So, one problem with making a game about sequence breaking is that it asks for a certain investment, both in terms of time and ingenuity, on the part of the player, and that asking for that kind of investment up front often puts a wall between the game and its potential audience. In order to break a sequence, after all, you have to become familiar with the sequence and dicker about with the game's physics/mechanics/interactions/what-have-you. Before you can really play the game, then-- as it is meant to be played, in a way that delivers the sort of experience that would make it unique and thus worth playing-- I'm effectively asking you to spend a fair amount of time with it.
This is a problem I've been aware of from the start, and I've got a couple of solutions. First and foremost, it's making sure that the "fake" game-- the sequence you're meant to break-- doesn't just exist to give context to the "real" game, but that it functions as a complete game and provides the pleasures inherent in the genre-- gaining power, gaining access to more areas, et cetera. This "fake" game might be insanely difficult-- insane difficulty being a prime motivator, I think, for creative thinking-- but it's not impossible, and the player can save the game at any time from the pause menu, effectively setting their own check-points. So, if a player does end up spending a few hours with the "fake" game before they dip their toes in the "real" one, it's hopefully not an empty or worthless experience.
The other solution is to give the player walkthroughs, taking them through the One True Sequence for each mission. Armed with that information-- or so I hope-- they won't be wasting time trying to figure out the "proper" way to complete the mission, but instead will spend that brain-power on finding the sneaky clever sequence-breaking ways to do so.
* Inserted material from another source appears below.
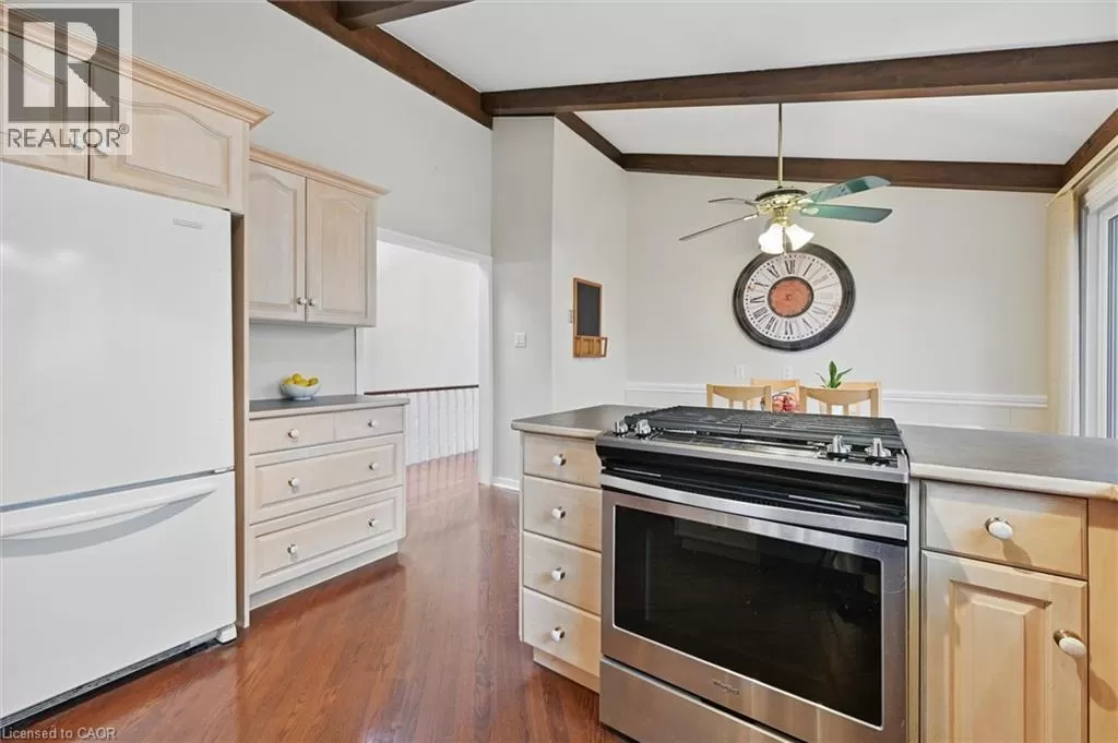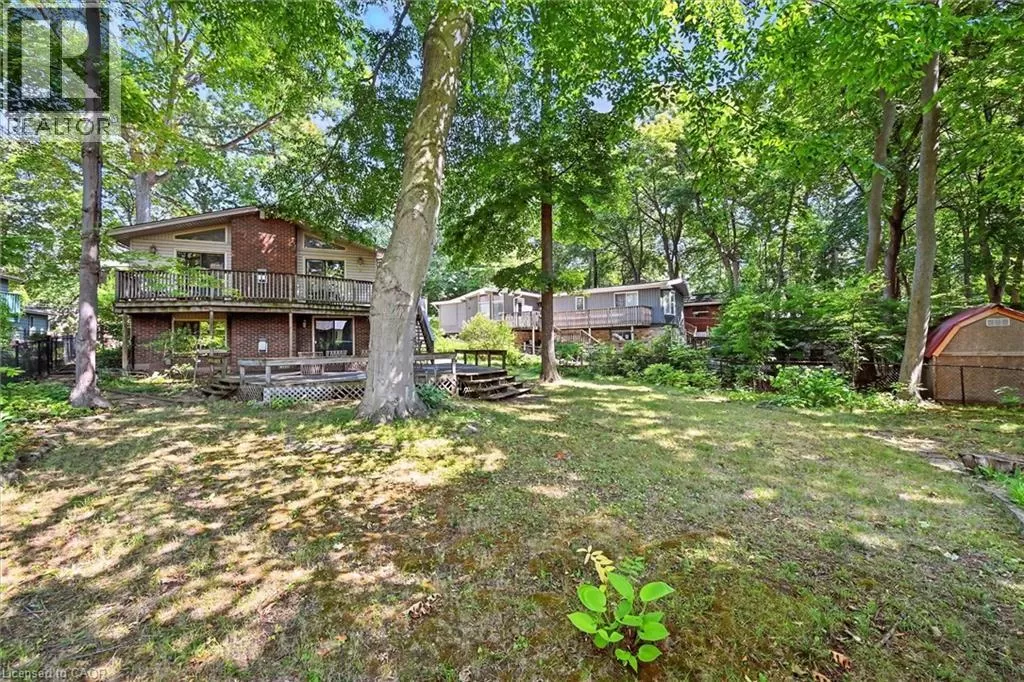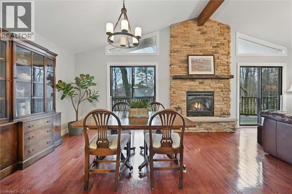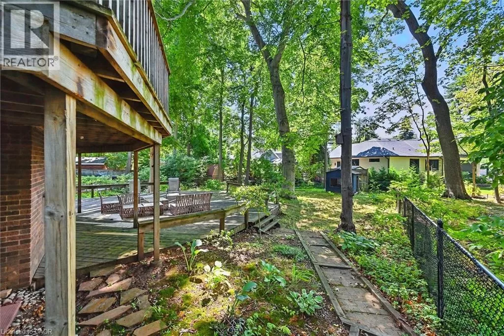 North Shore to King Road Enjoy a unique private cottage setting with all the amenities of city life nearby. Nestled in mature trees with an extra deep lot, this Aldershot home offers high ceilings on 2 floors and a bright, efficient design throughout. The double door entrance leads to a large foyer and main floor with exposed brick, vaulted beamed ceilings, oversized windows and a skylight. The open concept Living and Dining rooms feature gleaming hardwood floors and patio doors leading to a wrap-around multi-level deck. The Kitchen features storage and counter space galore with peninsula and separate breakfast bar area with more patio doors to the deck. The main floor Primary Bedroom features a 3-piece ensuite and oversized closet. Two additional Bedrooms and an updated 4-piece Bathroom complete this level. The Lower level features a spectacular Recreation room with a second fireplace and walkout to the back patio. A renovated 3-piece Bath, Office and Bedroom make it the perfect opportunity for additional family or guests. A separate Laundry room and Utility room with garage access offer even more storage space. With the Bruce Trail in close proximity and Lake Ontario down the road, this fabulous family home is a bird and nature loverâs dream with walkable access to schools, parks, trails, golf, waterfront and shopping. (id:27476)

I was going to give the players these walkthroughs via the support characters, but when I removed those narrative elements from the game to suit the new aesthetic, I just plopped the walkthrough right into the instruction manual PDF. I realized, however, that this wasn't particularly user-friendly, and that asking a player to print up the manual is just adding more brick to the hypothetical law that might prevent them from getting into the game. And so, there is an in-game version of the manual and walkthroughs that can be accessed with a push of a button, which I just implemented today.